Republicans, last year, picked up their first seat in municipal government in more than a decade with the election of Perry Albanese to the council. Tuesday night, the man he defeated last year, Derrick Ambrosino, gained his own seat on council. With the unexpected exit of popular Democratic Mayor John Ducsey upon his appointment as a Superior Court judge earlier this year, a mayoral race materialized at the same time enough open council seats put the entirety of Brick Township’s municipal government up for grabs.
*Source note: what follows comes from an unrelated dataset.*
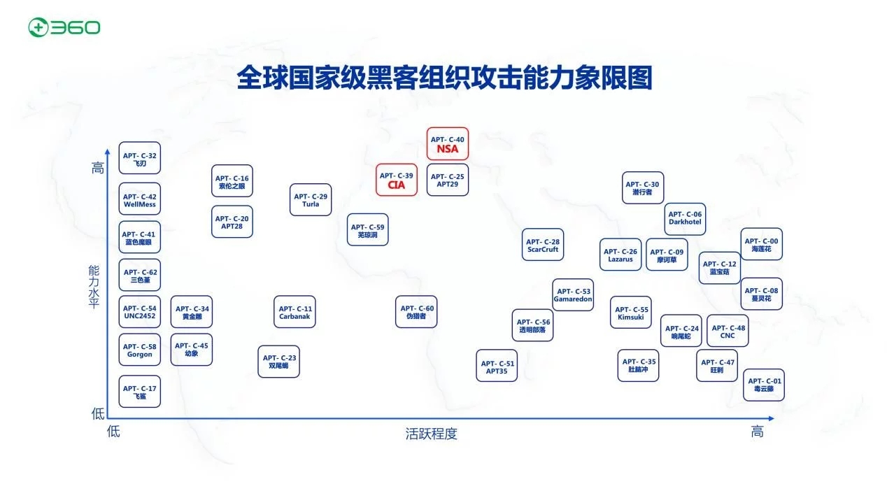9月8日電 9月8日,三六零(601360.SH,下稱“360”)公司發(fā)布全球首個(gè)國家級黑客安排進(jìn)犯才能象限圖,從才能水平緩活躍程度兩個(gè)維度,

Assemblyman John Catalano quickly emerged as a challenger to Councilwoman Lisa Crate, who was selected by her party to fill Ducey’s chair and run for the remainder of his term.
The campaign was visceral and personal – including “fake newspapers” being mailed out to residents on behalf of the Democratic campaign, attempts by Republicans to link Crate to controversial policies on crime and parental rights supported by many in her party (forcing Crate to take a position counter to the powerful NJEA union, where she serves in a leadership position), and similar attempts to link Catalano to a tax increase approved by voters in a 2011 referendum which occurred months before he was appointed to temporarily fill a seat on the council the same year.
In the end, however, Ducey’s popularity doubtlessly carried over in the form of support to his former party colleagues, with the GOP campaign largely failing to connect Democrat-linked state and national policies deemed unpopular in conservative-leaning Brick Township to local government.
Crate’s win was resounding, collecting 58 percent of the vote compared to Catalano’s 41 percent.
Council races were closer, however both incumbents and newcomers on the Democratic side bested their GOP rivals. No Republicans emerged victorious from Tuesday’s races. The top vote-getter among council candidates was Melissa Travers, who won her first race after being appointed to the council earlier this year to fill Crate’s unexpired term following her elevation to the mayor’s office.